La Cafet et la rue, mes deux chez moi
660 personnes pourraient dormir dehors à Strasbourg cet hiver. En ce moment, il fait 0° la nuit.
D'après les informations du Collectif des SDF de Strasbourg, il y aurait dans cette ville 800 à 1000 personnes privées de leur droit au logement.
Il y aurait 340 place d'hébergement d'urgence ouvertes exclusivement à l'intention des familles et quelques rares places pour des femmes seules. Les jeunes femmes qui se sont à la rue à la suite de ruptures familiales qui les ont profondément meurtries, sont confrontées à l'obligation de se faire admettre et "protéger" par un ou plusieurs hommes. On se doute que cette protection a un prix.
660 personnes risquent de dormir à la rue, cet hiver à Strasbourg.
Si la température descendait en dessous de - 10°, la préfecture financerait des nuitées en hôtels (sordides). Dès la remontée des températures, le financement cessera.
La France va-t-elle battre son record des personnes mortes de froid dans la rue depuis la guerre ?
18h.
La Cafet sert ses premiers repas du soir.
Elle ouvre ses portes toute la journées aux jeunes de moins de 30 ans qui n'ont pas un hébergement stable. Ceux qui sont à la rue ou qui ont trouvé refuge chez des connaissances.
L'ambiance y est chaude, paisible.
Soad apporte les échafaudages d'assiettes fumantes du dîner. Un bon arôme d'épices du soleil chatouille les narines. Lucien et Eric, les cuisiniers se relaient midi et soir pour préparer d'ingénieux repas variés et goûteux, à l'aide des mets mis à disposition par la banque alimentaire et des denrées achetées en complément. Ces deux-là aiment leur métier et les papilles leur en sont reconnaissantes.
Arrive Majid, un peu énervé. Je le regarde s'agiter avant de comprendre qu'il souhaite qu'un éducateur téléphone depuis le poste de la Cafet pendant qu'il appelle lui-même d'un portable. Les coups de téléphone ont l'air urgents et importants.
L'éducateur, rassurant et prévenant, essaie inlassablement de joindre un interlocuteur qui ne décroche pas. Majid chiffre lui-même sans fin un numéro sur son portable.
Un couple dîne avec ses chiens calmement couchés par terre. Une autre table est occupée par trois hommes et une jeune femme qui vient d'accéder à un logement. Une maman prend son dîner, son bébé couché dans un landau à côté d'elle. On est loin, ici, de la brutalité que ces personnes vivent au quotidien dans leur lutte pour la survie jusqu'au sein d'institutions sociales.
Majid s'adresse à moi. L'éducateur a dû s'absenter. Il me demande d'appeler le 115 avec le téléphone de la Cafet tandis qu'il essaie inlassablement sur son portable. Il est 18h30. Il n'a pas d'hébergement pour la nuit. Il prend appui sur mon regard. Je perçois une grande détresse chez lui. Un enfant grandi trop vite, sans filet de sécurité.
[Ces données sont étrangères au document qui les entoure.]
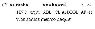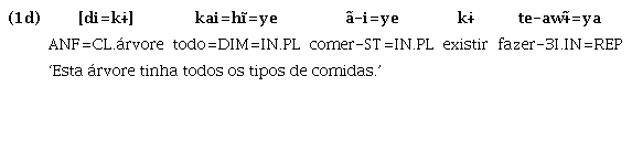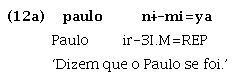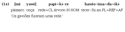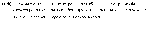 Um outro tipo de enclítico verbal é o morfema =ya, que indica ‘evidencialidade reportativa’. Este morfema aparece de maneira regular sempre à direita de um verbo finito ou cópula, seguindo toda classe de morfemas derivacionais e flexionais, e não se nasaliza, conforme os exemplos em (12).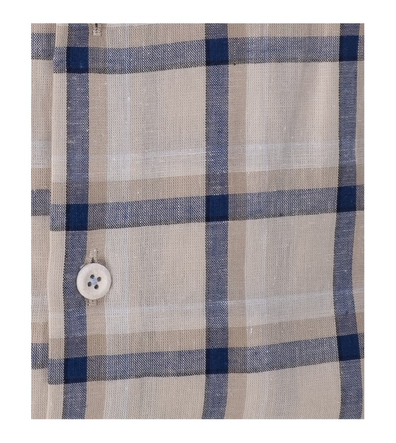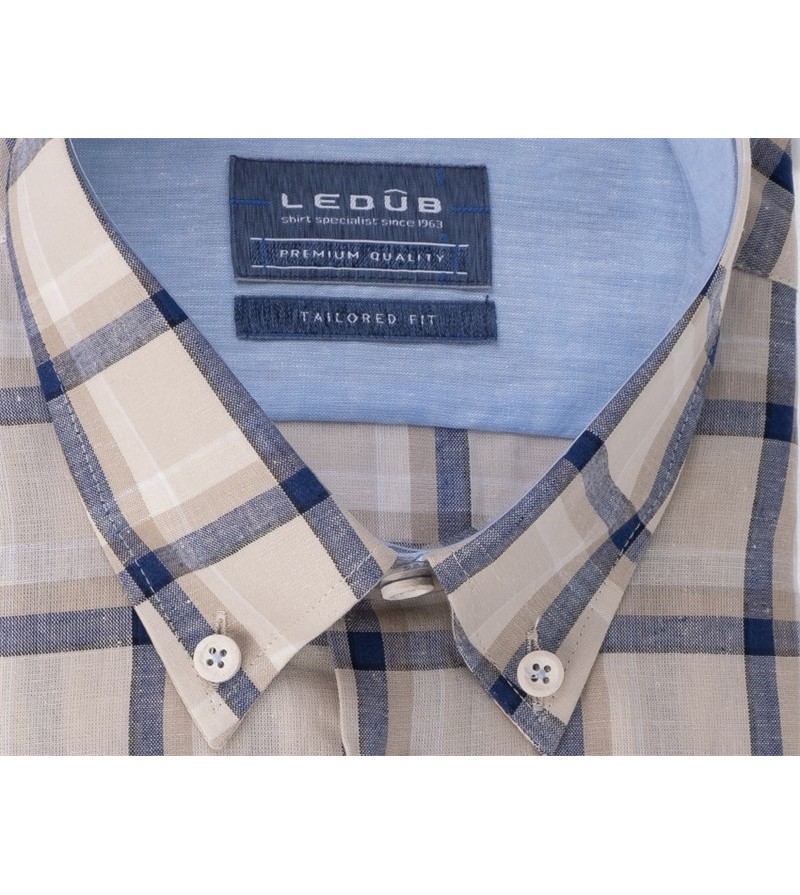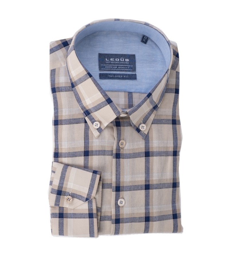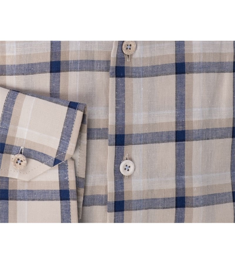 Tailored Fit Hemd lange mouw 76 cm tailored fit geen borstzakje kent kraag non iron netjes afgewerkt 100%katoen 40°was beige knopen kleur: beige / licht blauw

"Deux téléphones en même temps, pour avoir plus de chance." dit-il. Son angoisse est palpable.
" Au 115, ils donnent une heure où tu dois appeler. Tu essaies, tu recommences pendant une demi-heure. Quand t'as enfin quelqu'un, il te dit de rappeler une heure et demi plus tard. Comme ça plusieurs fois par jour. Ca sonne tout le temps occupé.
Là, à cette heure, si j'ai rien, je dors dehors.
Tu sais la température cette nuit ? ... 0°
La nuit quand il fait froid comme aujourd'hui, impossible de dormir. Je marche dans un sens, dans un autre, puis je recommence. Toute la nuit. Et le matin, y'a les démarches, les rendez-vous avec l'assistante sociale. On est complétement nase."
Et s'il n'avait pas de réponse ?
Je prends le téléphone et commence à chiffrer le 115 qui sonne occupé, occupé, occupé.
Son éducateur revient. Prend le relais. Majid souhaite aller fumer une cigarette dehors. Le propriétaire du portable est venu récupérer son téléphone. Il s'en va. Majid s'est fait voler le sien. L'éducateur continue à appeler.
Le téléphone répond ! L'éducateur fait patienter son interlocuteur. On se dépêche d'aller prévenir Majid qui entre en courant. Il obtient une place dans un dortoir de 20 personnes. Il sera au chaud cette nuit, mais n'est pas sûr de dormir. Cela dépendra des voisins. Et demain, il recommencera à appeler le 115.
Il vient de terminer une peine de 3 ans de prison. Personne ne l'attendait à sa sortie. Il a pour tout bagage un jeans, une tee-shirt et un blouson d'été. Une banane contenant ses papiers à sa ceinture.
Cet article raconte une scène réelle. Les noms des personnes ont été changés.